Stored data
=====
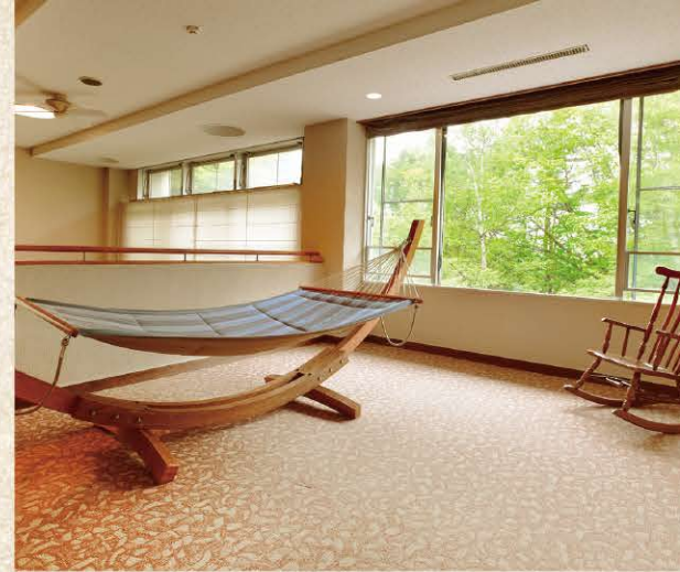
館内には、ひと際目を引くハンモックを設置
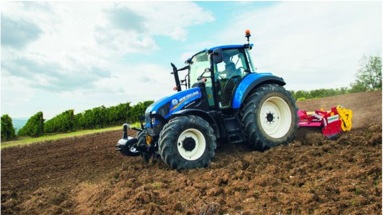
La cabine VisionView a été conçue autour de l'opérateur grâce à des simulations de réalité virtuelle.

Le New Holland T5.95 est apparu sur le marché français en 2012. Présentation de ce tracteur dans cette fiche occasion extraite de Terre-net Magazine n°70.
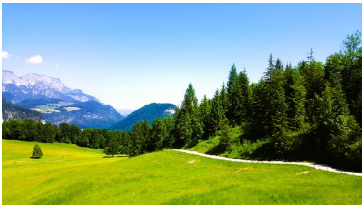
Cesta z Berghofu na Mooslahnerkopf
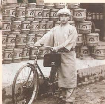
自転車で集金 店頭と並んだ醤油の木樽
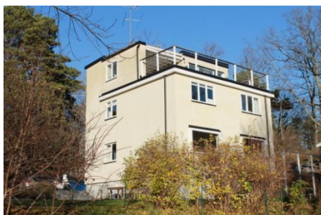
Solsidan 15:11 k, q
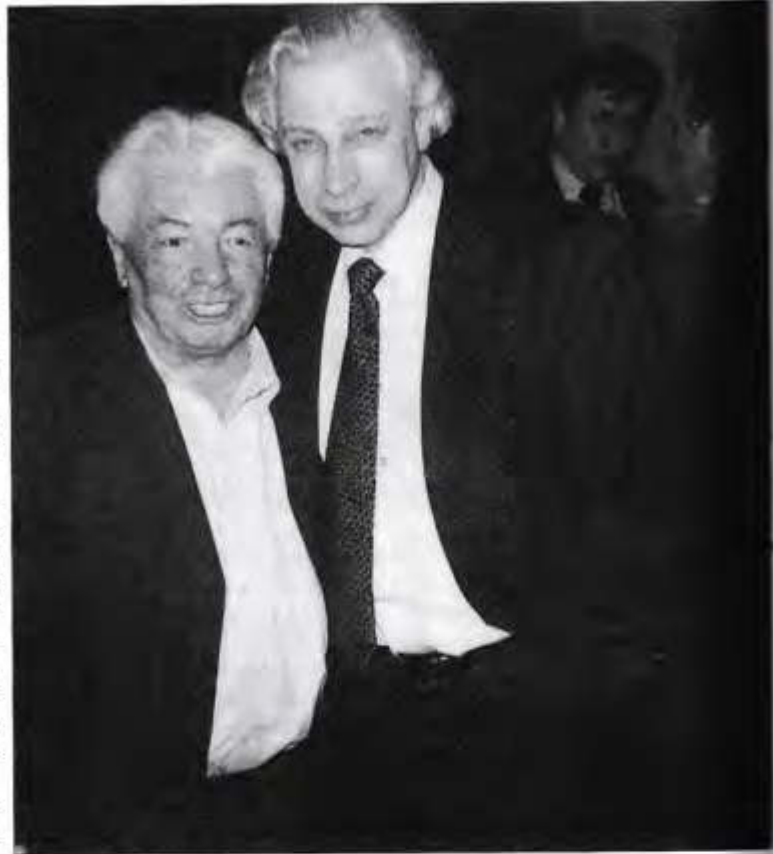
2001 год. Москва. С писателем Владимиром Войновичем

Следующее мое ходатайство: разрешить пользоваться диктофоном. Опять отказ. С занятой мотивировкой: в диктофоне нет нужды, поскольку ведется протокол судебного заседания. Это уже откровенная издевка. Протокол судебного заседания – непроходящая головная боль советских, теперь российских, адвокатов. Единственный процессуальный документ, фиксирующий ход судебного разбирательства, – протокол не только вечная жертва неточных записей секретаря – недавнего выпускника средней школы, но и предмет постоянной фальсификации, подгонки под вынесенный (иногда еще до судебного
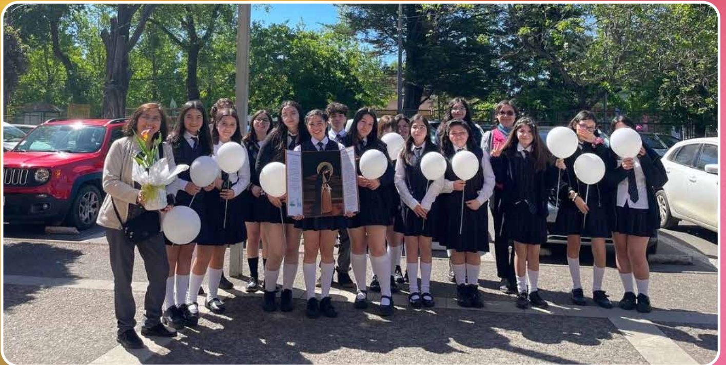
VISITA VIRGEN PEREGRINA
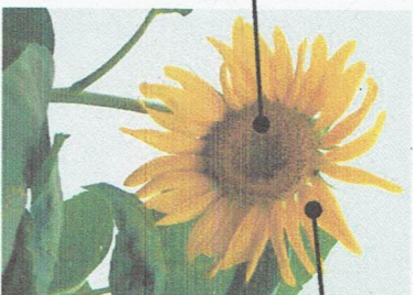
内がわにある、一つのような形をした小さな花
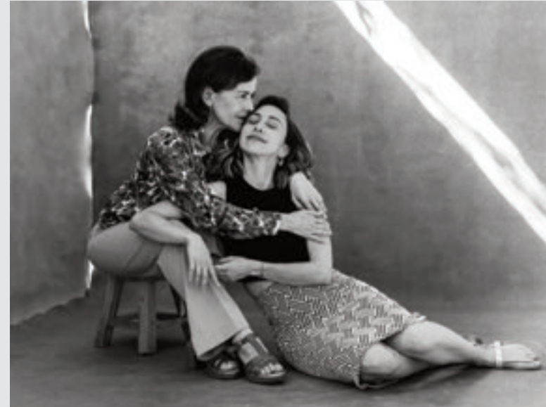
FAMILIA DEL TORO
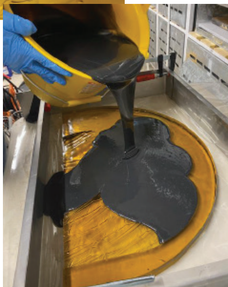
Coulage du silicone à double composant
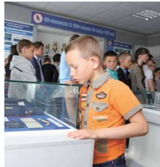
«Я в водители пошел. Пусть меня научат»

Дети с любопытством разглядывали фотографии, на которых запечатлена автотехника разных лет. Кроме того, они узнали, что в годы войны мастера автоколонны восстановили и отправили на фронт 630 автомобилей ЗИС и ГАЗ, а в 1980 году оренбургские водители на своих автобусах обслуживали гостей Олимпиады в Москве. Сегодня ежедневно на линии выходят более 200 автобусов, которые доставляют газовиков к месту работы и домой.
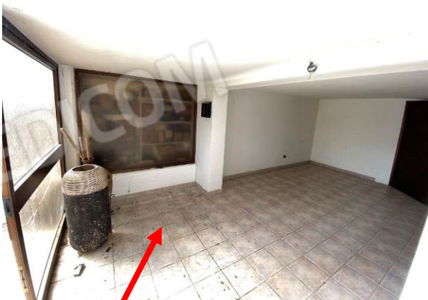
viste interne garage
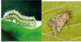
(دودة ثمار العنبر: الفراشة - اليرقات)
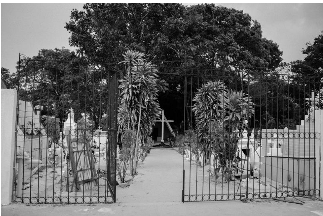
Figura 1 – Portão principal do Cemitério do Bonfim
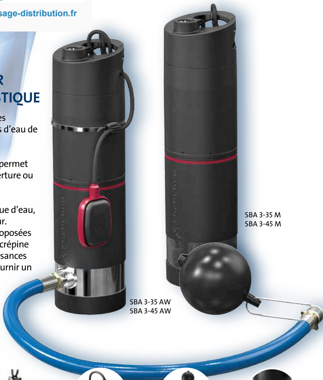
SBA 3-35 M SBA 3-45 M

Livrées avec 15 m de câble et prise, les pompes immergées SBA sont prêtes à être installées et aucun accessoire complémentaire n'est nécessaire pour qu'elles puissent fonctionner.
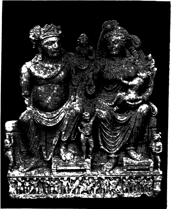
गांधार—पञ्चक और हरीती
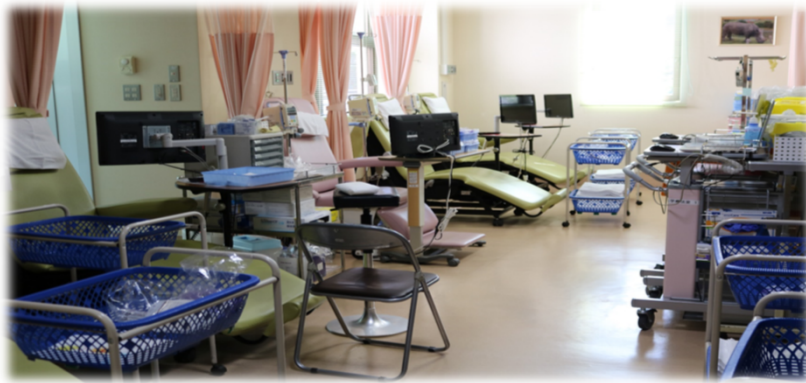
写真：外来薬物療法室

抗がん剤治療は外来通院で行うことが多くなっています。外来通院になってからも看護師がサポートいたしますのでご安心ください。抗がん剤治療を受ける患者さんからご相談が多い内容を紹介します。
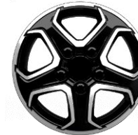
16-ZOLL-LEICHTMETALLFELGEN ZIBB 700,00 (833,00)
=====
## WHAT IS BEING ASKED
Please restate the entries word for word, with all pictures left out.

## ANSWER
館内には、ひと際目を引くハンモックを設置
La cabine VisionView a été conçue autour de l'opérateur grâce à des simulations de réalité virtuelle.

Le New Holland T5.95 est apparu sur le marché français en 2012. Présentation de ce tracteur dans cette fiche occasion extraite de Terre-net Magazine n°70.
Cesta z Berghofu na Mooslahnerkopf
自転車で集金 店頭と並んだ醤油の木樽
Solsidan 15:11 k, q
2001 год. Москва. С писателем Владимиром Войновичем

Следующее мое ходатайство: разрешить пользоваться диктофоном. Опять отказ. С занятой мотивировкой: в диктофоне нет нужды, поскольку ведется протокол судебного заседания. Это уже откровенная издевка. Протокол судебного заседания – непроходящая головная боль советских, теперь российских, адвокатов. Единственный процессуальный документ, фиксирующий ход судебного разбирательства, – протокол не только вечная жертва неточных записей секретаря – недавнего выпускника средней школы, но и предмет постоянной фальсификации, подгонки под вынесенный (иногда еще до судебного
VISITA VIRGEN PEREGRINA
内がわにある、一つのような形をした小さな花
FAMILIA DEL TORO
Coulage du silicone à double composant
«Я в водители пошел. Пусть меня научат»

Дети с любопытством разглядывали фотографии, на которых запечатлена автотехника разных лет. Кроме того, они узнали, что в годы войны мастера автоколонны восстановили и отправили на фронт 630 автомобилей ЗИС и ГАЗ, а в 1980 году оренбургские водители на своих автобусах обслуживали гостей Олимпиады в Москве. Сегодня ежедневно на линии выходят более 200 автобусов, которые доставляют газовиков к месту работы и домой.
viste interne garage
(دودة ثمار العنبر: الفراشة - اليرقات)
Figura 1 – Portão principal do Cemitério do Bonfim
SBA 3-35 M SBA 3-45 M

Livrées avec 15 m de câble et prise, les pompes immergées SBA sont prêtes à être installées et aucun accessoire complémentaire n'est nécessaire pour qu'elles puissent fonctionner.
गांधार—पञ्चक और हरीती
写真：外来薬物療法室

抗がん剤治療は外来通院で行うことが多くなっています。外来通院になってからも看護師がサポートいたしますのでご安心ください。抗がん剤治療を受ける患者さんからご相談が多い内容を紹介します。
16-ZOLL-LEICHTMETALLFELGEN ZIBB 700,00 (833,00)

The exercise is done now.